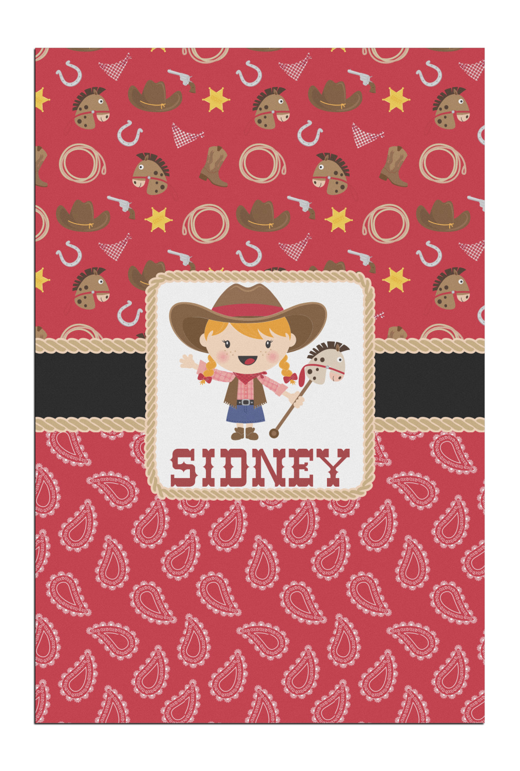 A rope outlined square label showcasing our cute little cowgirl holding her trick pony and lasso has your little one dreaming of riding the range one day.
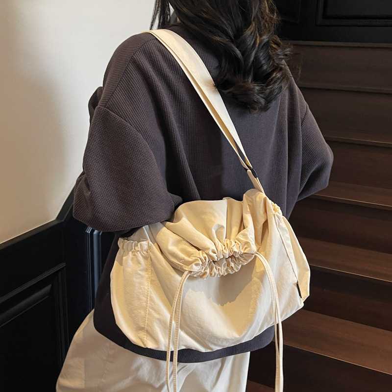 大容量纯色帆布女包简约单肩包休闲出行斜挎包女百搭马卡龙色时尚
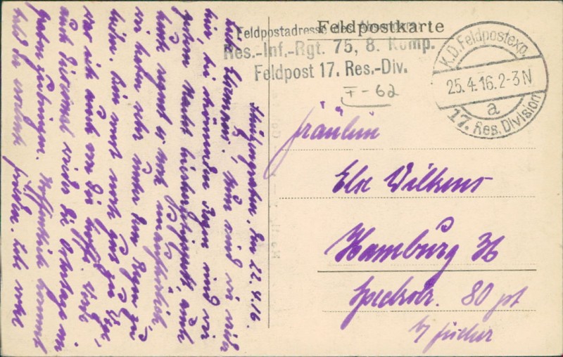 Alte Ansichtskarte aus Montigny-en-Gohelle, gelaufen am 25.04.1916.
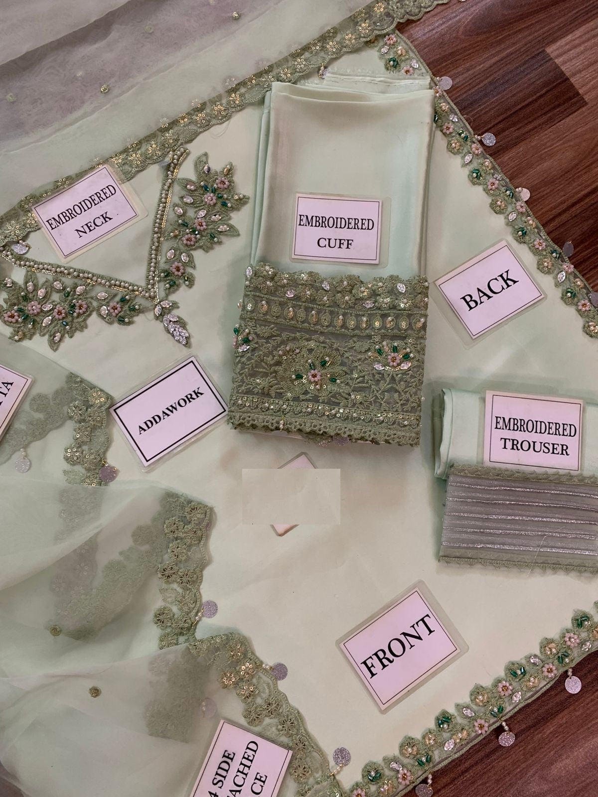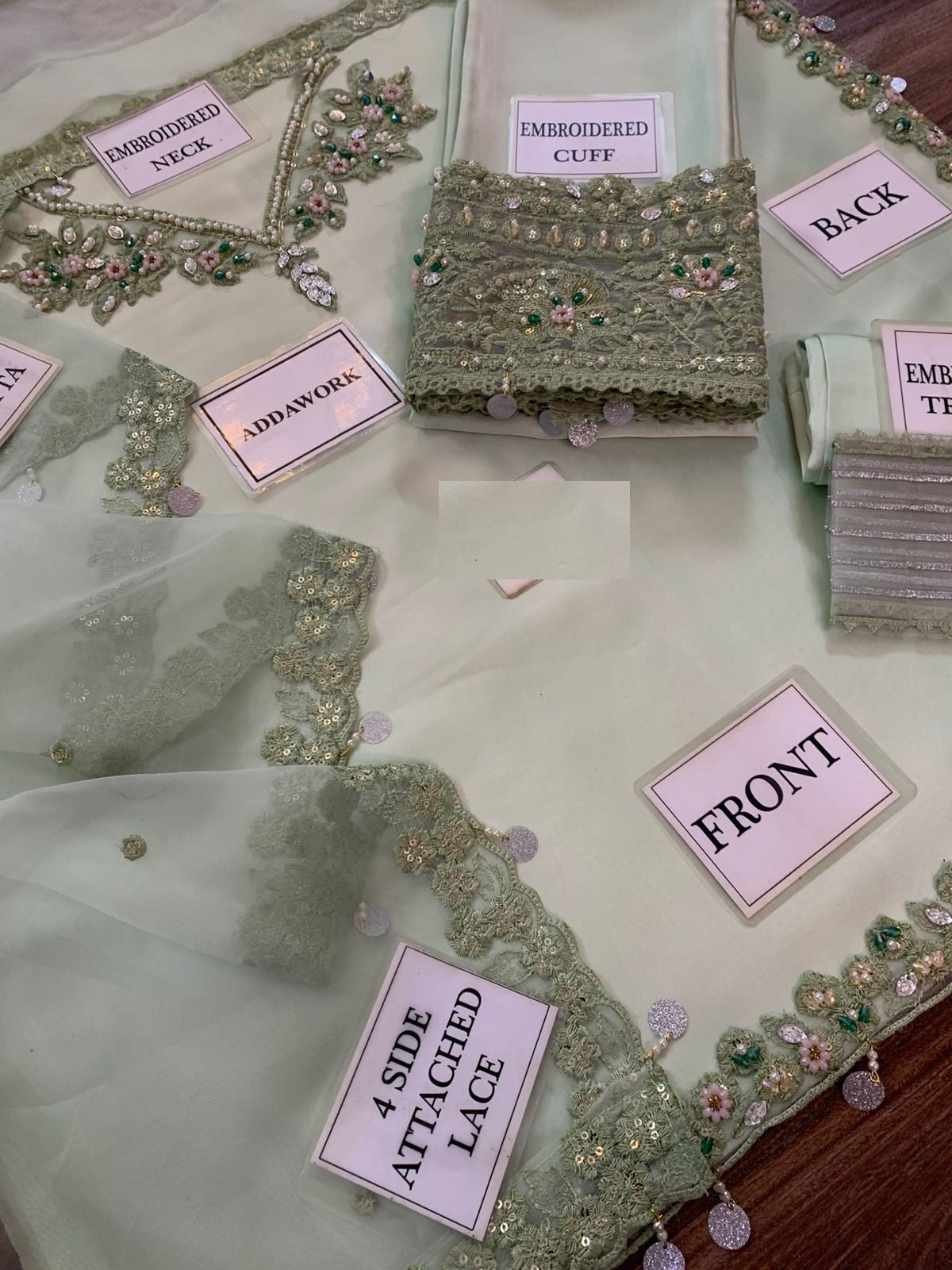 FRONT AND back SHAHMOZE SILK NECK EKBROIDERD BUNCH WITH ADDA WORK WITH HEAVY ADD WORK BORDER CHAK PATTI
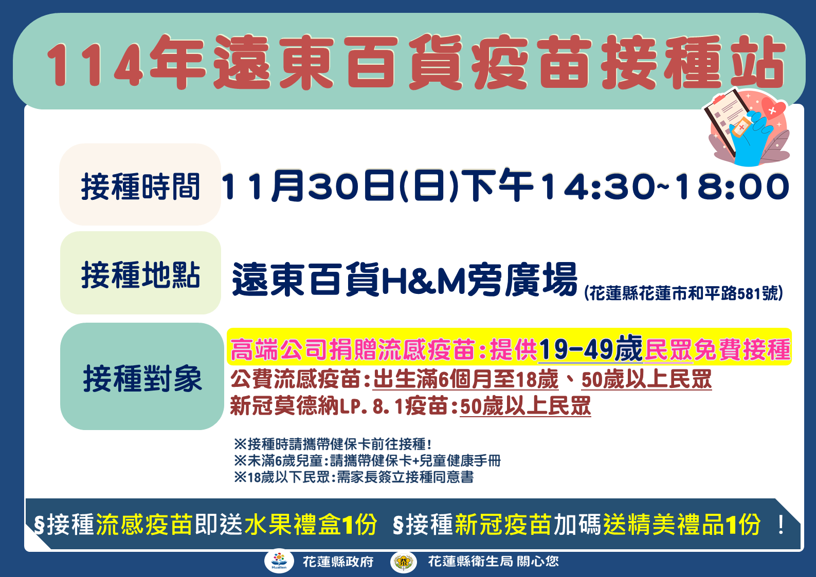 - 另花蓮市衛生所將於本年 11 月 30 日(日)下午 14:30-18:00 ,於花蓮遠東百貨 H&M 旁廣場,辦理 6 個月以上全年齡流感疫苗接種活動,請貴園(中心)協助轉知並鼓勵家長及幼兒踴躍前往接種,以提升社區整體防護力。
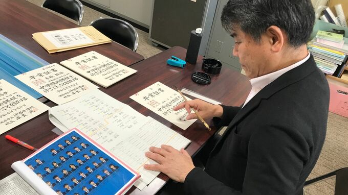 「生徒全員の顔と名前が一致するわけじゃないですけど、朝の挨拶だったり、行事だったりで声をかけたり話をしたりして、部活などで活躍している生徒もいますから。名前を書く時には顔写真を見て、『この子はこんな生徒だったな』と気持ちを込められたらなと思って書いています」
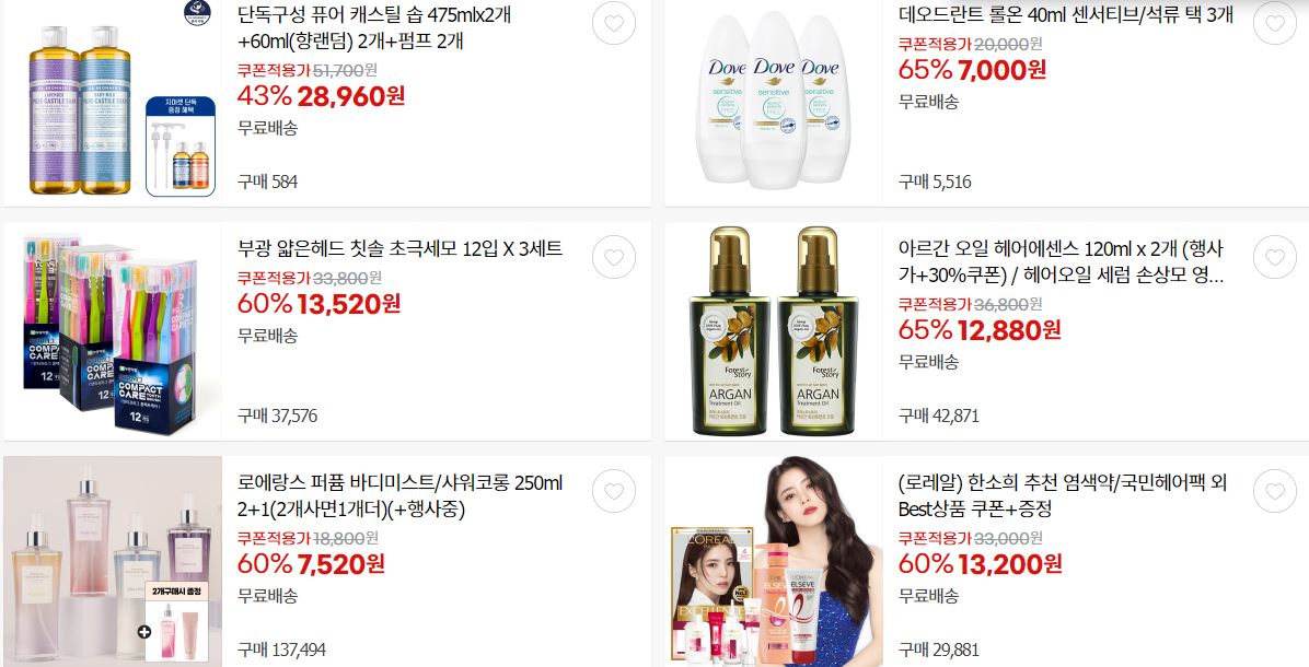 할인 품목 : 샴푸, 휴지, 칫솔 등
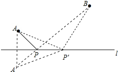 由轴对称的知识可得在P点所走的路线长为A′B,在P′所走的路程上为A′P′+P′B,
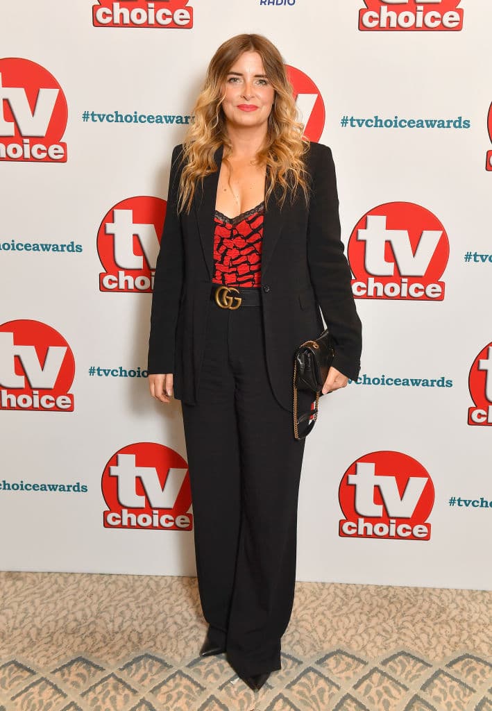 Los chalecos son una tendencia en trajes para la oficina. Kristina Rihanoff se quitó el tradicional saco sastre y apostó por un chaleco largo para esta ocasión. Cabe resaltar el detalle del cierre lateral, una añadidura brillante que se complementa muy bien con la textura de la prenda superior.

======

ASSIGNMENT: Return the material from the line containing "FRONT AND back" through the line containing "由轴对称的知识可得在P点所走", exactly and in full, but without its pictures.

SOLUTION:
 FRONT AND back SHAHMOZE SILK NECK EKBROIDERD BUNCH WITH ADDA WORK WITH HEAVY ADD WORK BORDER CHAK PATTI
 - 另花蓮市衛生所將於本年 11 月 30 日(日)下午 14:30-18:00 ,於花蓮遠東百貨 H&M 旁廣場,辦理 6 個月以上全年齡流感疫苗接種活動,請貴園(中心)協助轉知並鼓勵家長及幼兒踴躍前往接種,以提升社區整體防護力。
 「生徒全員の顔と名前が一致するわけじゃないですけど、朝の挨拶だったり、行事だったりで声をかけたり話をしたりして、部活などで活躍している生徒もいますから。名前を書く時には顔写真を見て、『この子はこんな生徒だったな』と気持ちを込められたらなと思って書いています」
 할인 품목 : 샴푸, 휴지, 칫솔 등
 由轴对称的知识可得在P点所走的路线长为A′B,在P′所走的路程上为A′P′+P′B,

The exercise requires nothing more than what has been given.